Records supplied START

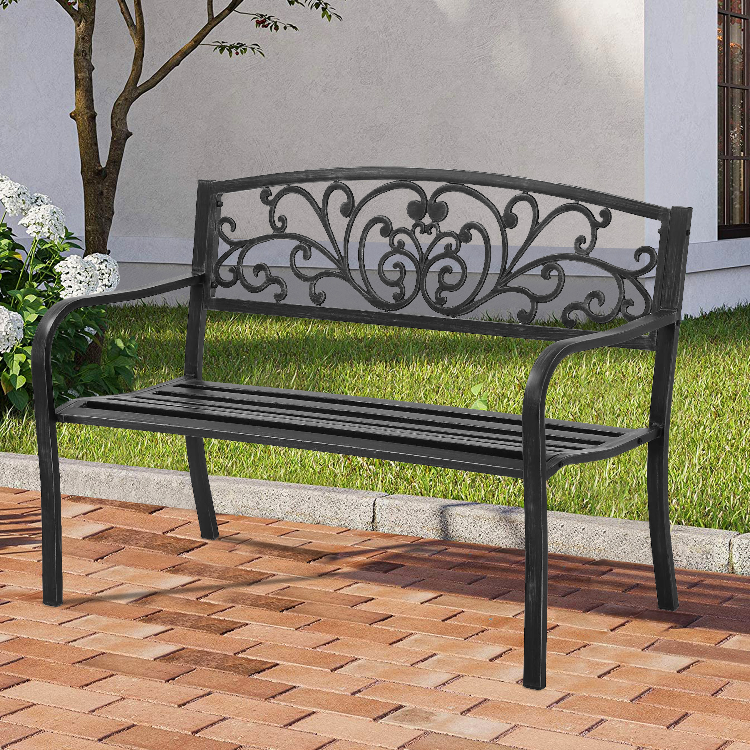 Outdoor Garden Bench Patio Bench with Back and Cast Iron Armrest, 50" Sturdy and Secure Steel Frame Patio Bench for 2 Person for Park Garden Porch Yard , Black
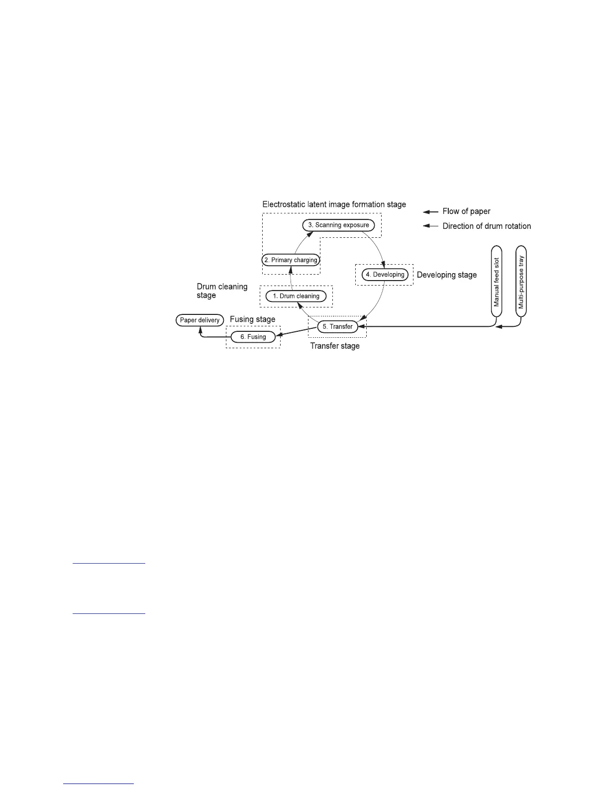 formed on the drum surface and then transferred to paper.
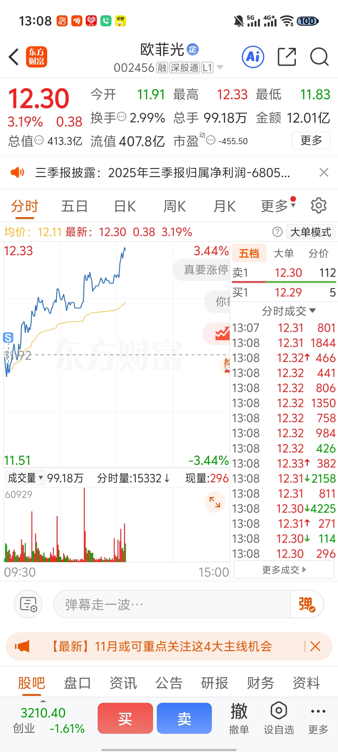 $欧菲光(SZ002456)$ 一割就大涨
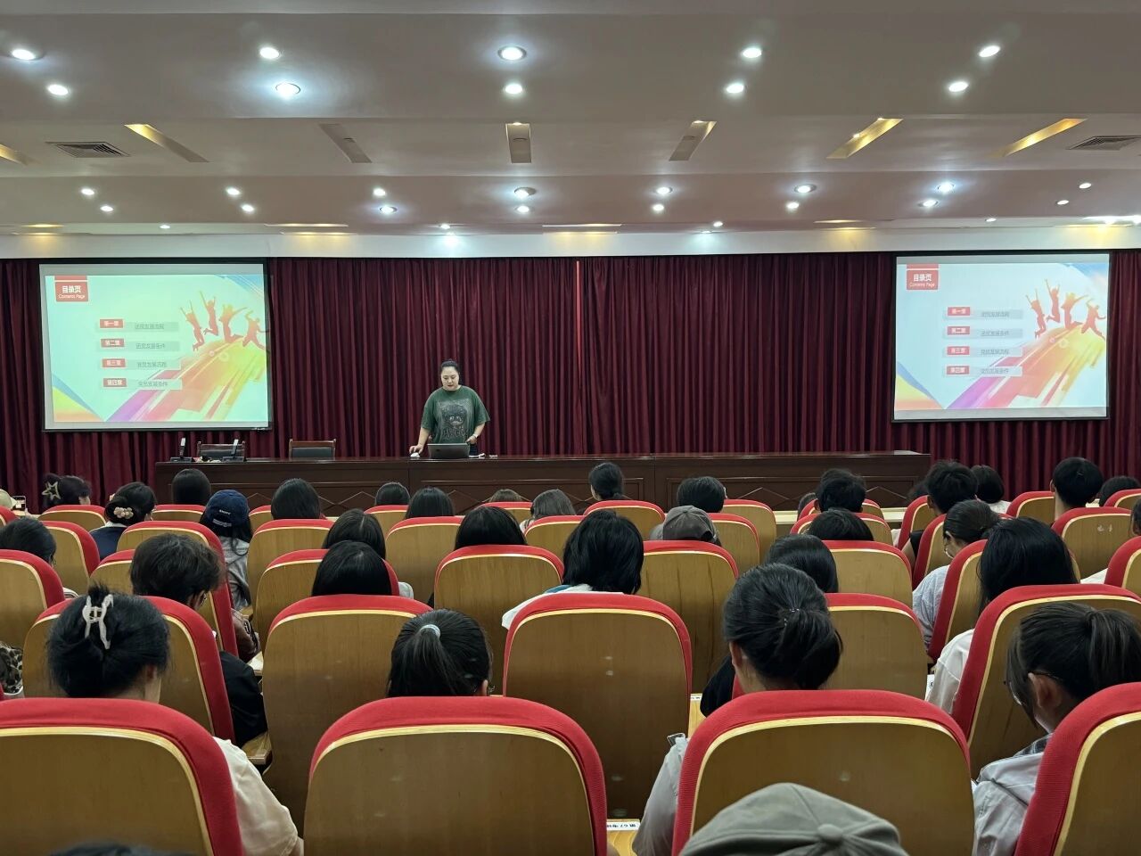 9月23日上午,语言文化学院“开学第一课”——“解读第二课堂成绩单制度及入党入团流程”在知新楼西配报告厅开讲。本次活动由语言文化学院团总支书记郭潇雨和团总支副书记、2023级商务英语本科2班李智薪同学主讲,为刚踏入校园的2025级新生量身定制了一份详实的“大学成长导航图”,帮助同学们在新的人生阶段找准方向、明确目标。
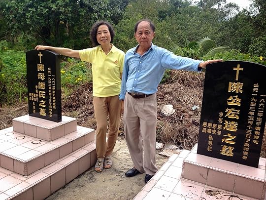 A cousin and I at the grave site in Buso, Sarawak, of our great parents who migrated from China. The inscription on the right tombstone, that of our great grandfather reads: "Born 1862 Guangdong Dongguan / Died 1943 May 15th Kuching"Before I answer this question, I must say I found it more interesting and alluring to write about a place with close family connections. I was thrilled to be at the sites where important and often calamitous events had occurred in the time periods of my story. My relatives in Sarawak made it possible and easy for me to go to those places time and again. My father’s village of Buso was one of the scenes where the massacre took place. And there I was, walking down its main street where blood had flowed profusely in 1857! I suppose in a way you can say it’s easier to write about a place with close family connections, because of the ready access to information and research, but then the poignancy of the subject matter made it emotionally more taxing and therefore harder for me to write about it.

Records supplied END
Records supplied START

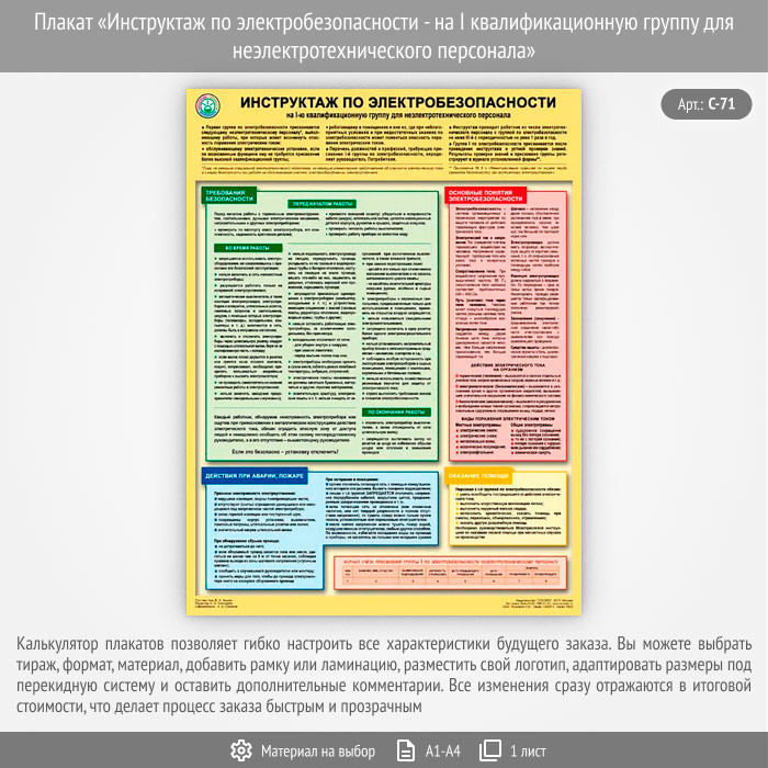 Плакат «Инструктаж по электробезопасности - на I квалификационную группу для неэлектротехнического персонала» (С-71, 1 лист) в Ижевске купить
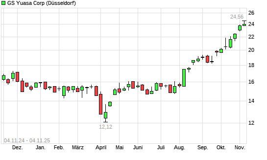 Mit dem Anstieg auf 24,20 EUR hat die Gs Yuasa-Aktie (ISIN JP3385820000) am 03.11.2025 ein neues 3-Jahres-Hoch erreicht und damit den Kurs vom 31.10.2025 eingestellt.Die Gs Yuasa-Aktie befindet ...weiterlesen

Records supplied END

## Work required
Using the data above, set down each line from the line with "в Ижевске купить" to the line with "Mit dem Anstieg" exactly, both ends included, and leave the pictures behind. Nothing else belongs.

## Expected output
 Плакат «Инструктаж по электробезопасности - на I квалификационную группу для неэлектротехнического персонала» (С-71, 1 лист) в Ижевске купить
 Mit dem Anstieg auf 24,20 EUR hat die Gs Yuasa-Aktie (ISIN JP3385820000) am 03.11.2025 ein neues 3-Jahres-Hoch erreicht und damit den Kurs vom 31.10.2025 eingestellt.Die Gs Yuasa-Aktie befindet ...weiterlesen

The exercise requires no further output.